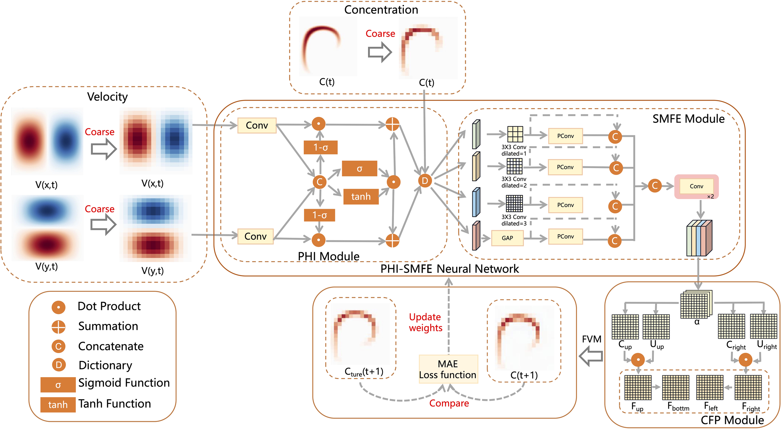 Our proposed PHI-SMFE neural network architecture. PHI module, SMFE module, and CFP module are the abbreviations of Physical heterogeneous interaction module, Spatial multi-scale feature extraction module, and Concentration field prediction module, respectively. The input velocity field and concentration field at the current moment pass through the above three modules in turn to obtain the concentration field at the next moment.
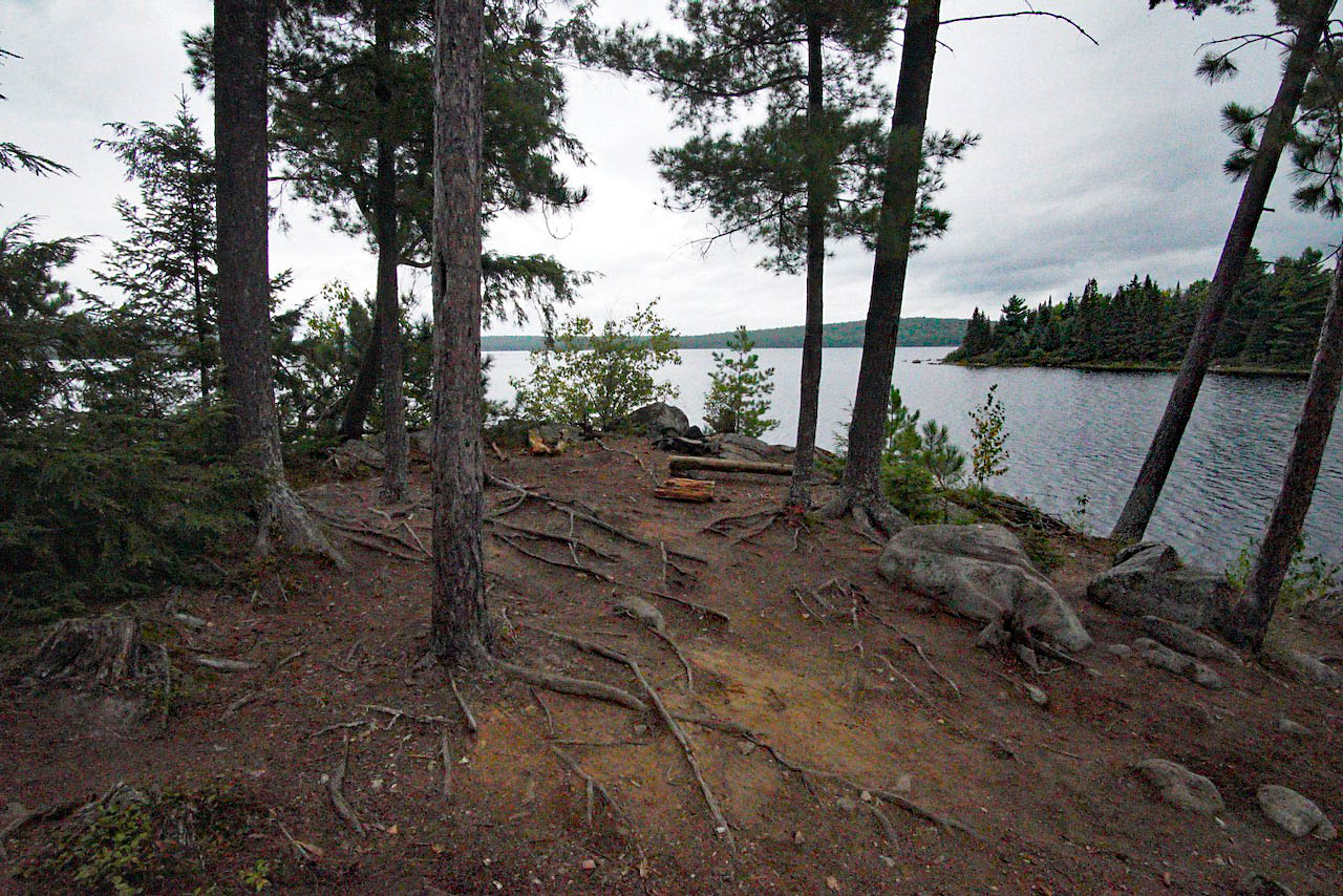Campsite Campsite maintenance: Regular. Size of open ground area: We didn't measure, but this is a large site with two levels and could accommodate a large group. The fire pit level slopes up from the water and is quite exposed. There are two separate fire pits. Extent of tree cover: The fire pit area is quite exposed. The tent sites are more sheltered. Degree of levelness: Not very level. The fire pit area is on a steep angle, and even the tent sites have some waves to them. We camped in hammocks and our backs don't have first hand experience, so I don't feel qualified to comment further. Number of level tent-sites: 3 - 4. North exposure: Open view of the lake. East exposure: Open view of the bay. South exposure: Trees. West exposure: Open view of the lake.
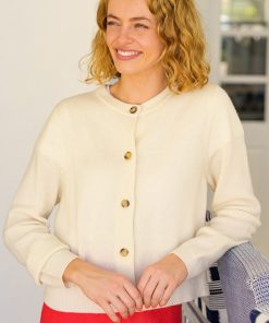 The Brittany Cardigan is your sustainable knitwear go-to, in a cosy 100% merino wool. This slightly cropped, button-through cardi features a ribbed neckline, cuffs, and hem. Half price knitwear comb with every purchase – discount applied at checkout when you add one to your basket.

■ **Work required**
The response consists of the data above printed line for line, with no pictures.

■ **Response box**
 Our proposed PHI-SMFE neural network architecture. PHI module, SMFE module, and CFP module are the abbreviations of Physical heterogeneous interaction module, Spatial multi-scale feature extraction module, and Concentration field prediction module, respectively. The input velocity field and concentration field at the current moment pass through the above three modules in turn to obtain the concentration field at the next moment.
Campsite Campsite maintenance: Regular. Size of open ground area: We didn't measure, but this is a large site with two levels and could accommodate a large group. The fire pit level slopes up from the water and is quite exposed. There are two separate fire pits. Extent of tree cover: The fire pit area is quite exposed. The tent sites are more sheltered. Degree of levelness: Not very level. The fire pit area is on a steep angle, and even the tent sites have some waves to them. We camped in hammocks and our backs don't have first hand experience, so I don't feel qualified to comment further. Number of level tent-sites: 3 - 4. North exposure: Open view of the lake. East exposure: Open view of the bay. South exposure: Trees. West exposure: Open view of the lake.
 The Brittany Cardigan is your sustainable knitwear go-to, in a cosy 100% merino wool. This slightly cropped, button-through cardi features a ribbed neckline, cuffs, and hem. Half price knitwear comb with every purchase – discount applied at checkout when you add one to your basket.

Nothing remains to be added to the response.